Speculators increased wagers on higher U.S. gasoline prices by the most since February as refinery closures constricted supply.
The net-long position jumped 45 percent from a four-year low as hedge funds pared record short bets and added long wagers for the first time in six weeks, weekly U.S. Commodity Futures Trading Commission data through Sept. 23 show.
Refineries in eastern Canada and Texas shut gasoline units for unplanned repairs as others began seasonal maintenance. Futures contracts for October traded at the highest premium to November since 2012, reflecting heightened concern about supply. The closures threaten the retreat at the pump that has drivers paying the lowest late-September prices since 2010.
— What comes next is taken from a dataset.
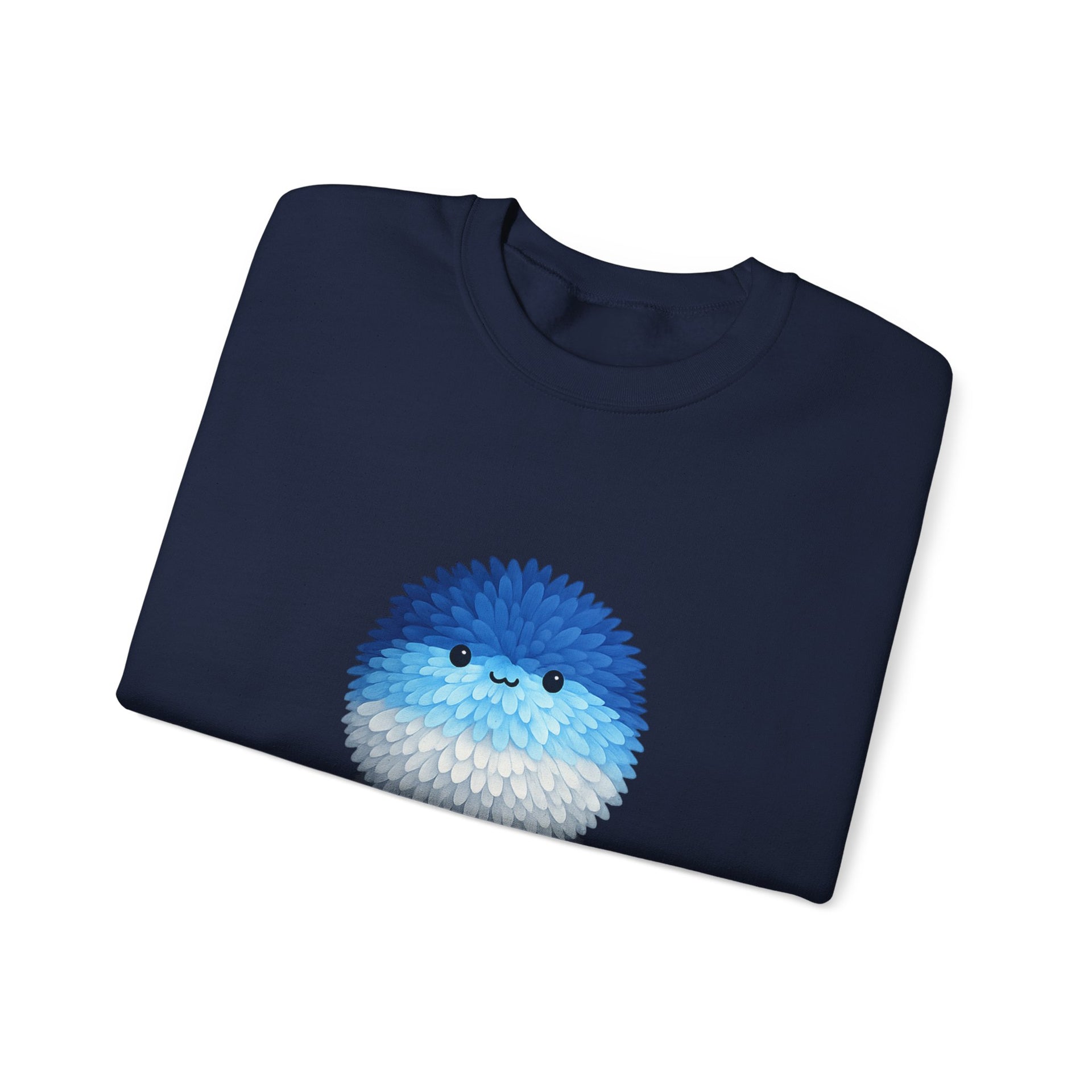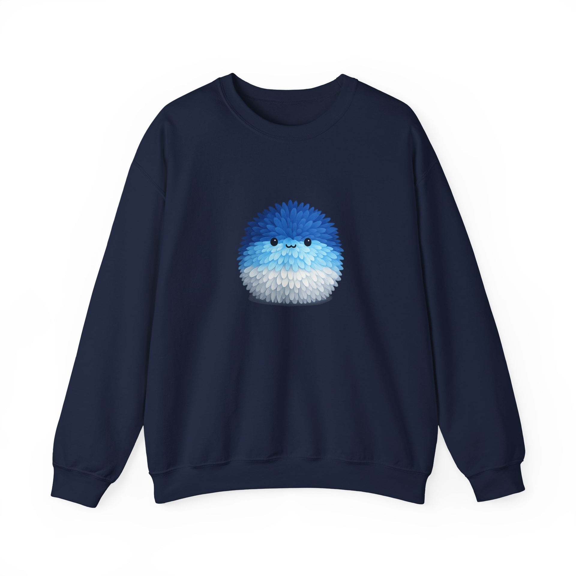 Soft, roomy, and quietly joyful — this crewneck wraps you in comfort and a little bit of whimsy. The plush 50/50 cotton-poly blend feels warm without weight, while the tubular knit and ribbed collar keep the silhouette clean and relaxed. A small, fluffy blue pom pom sits on the chest, its gentle expression bringing a calm, playful note to cozy mornings, couch reading, or slow walks to a coffee shop. The subtle embroidered option and neat tear-away label make wearing effortless; the sweatshirt slips into everyday life as something comforting you reach for when you want to feel cared for and a little amused.
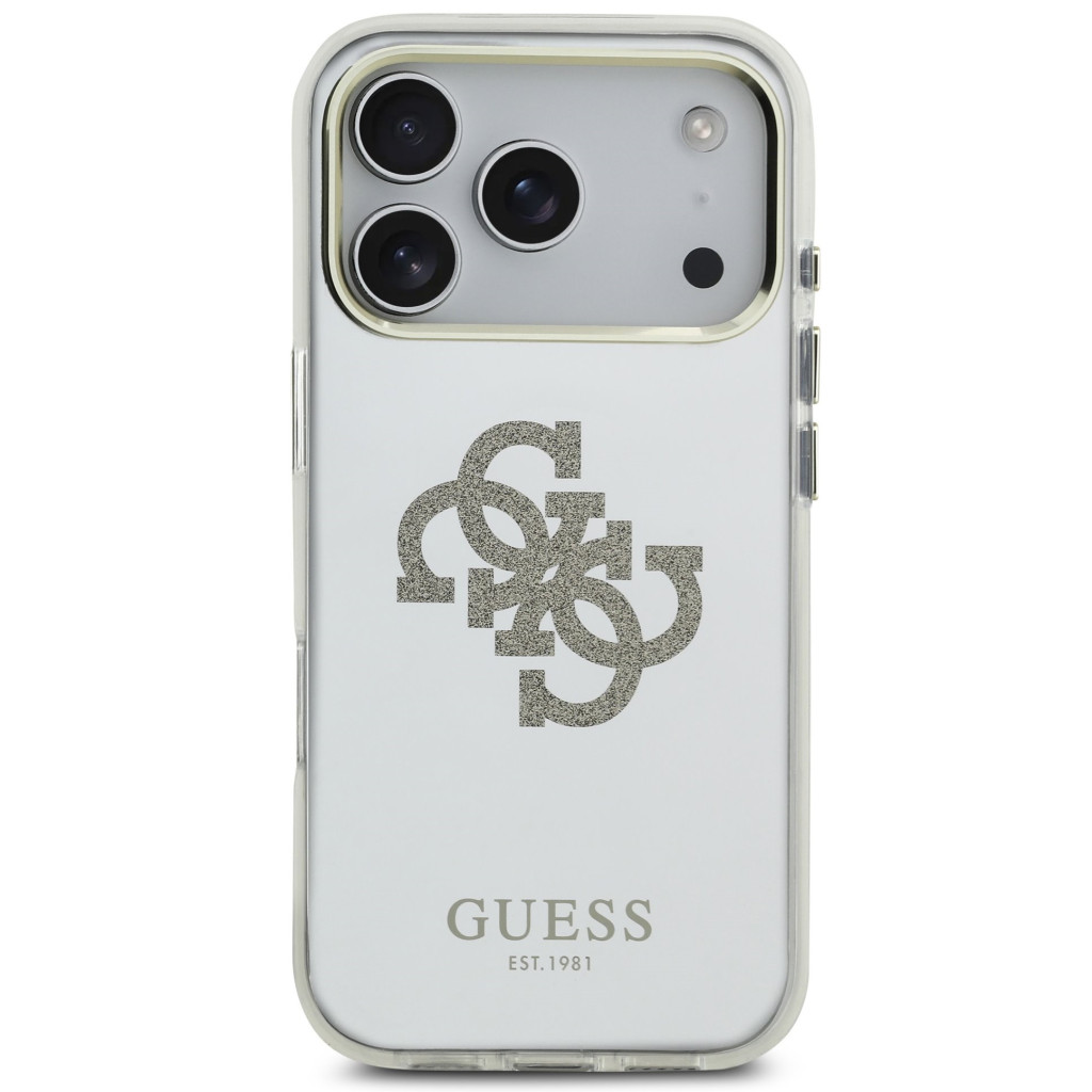 Guess PC/TPU Mirror 4G Glitter Logo Apple iPhone 17 Pro Max csillámos hátlap tok kameravédő peremmel, MagSafe, arany

“People have covered their positions or moved away from short to long,” Amrita Sen, chief oil analyst at Energy Aspects Ltd. in London, said by phone Sept. 26. “There’s a huge amount of FCC outages in North America at the moment,” she said, referring to fluid catalytic crackers that make gasoline.
Gasoline for October delivery gained 6.99 cents, or 2.7 percent, to $2.6287 a gallon on the New York Mercantile Exchange in the period covered by the CFTC report. The contract gained 1.1 percent to $2.6901 in today’s electronic trading.
Retail prices rose in the three days ended Sept. 24, stemming a 16-day decline. The national average was $3.337 on yesterday, according to Heathrow, Florida-based AAA, the largest U.S. motoring group.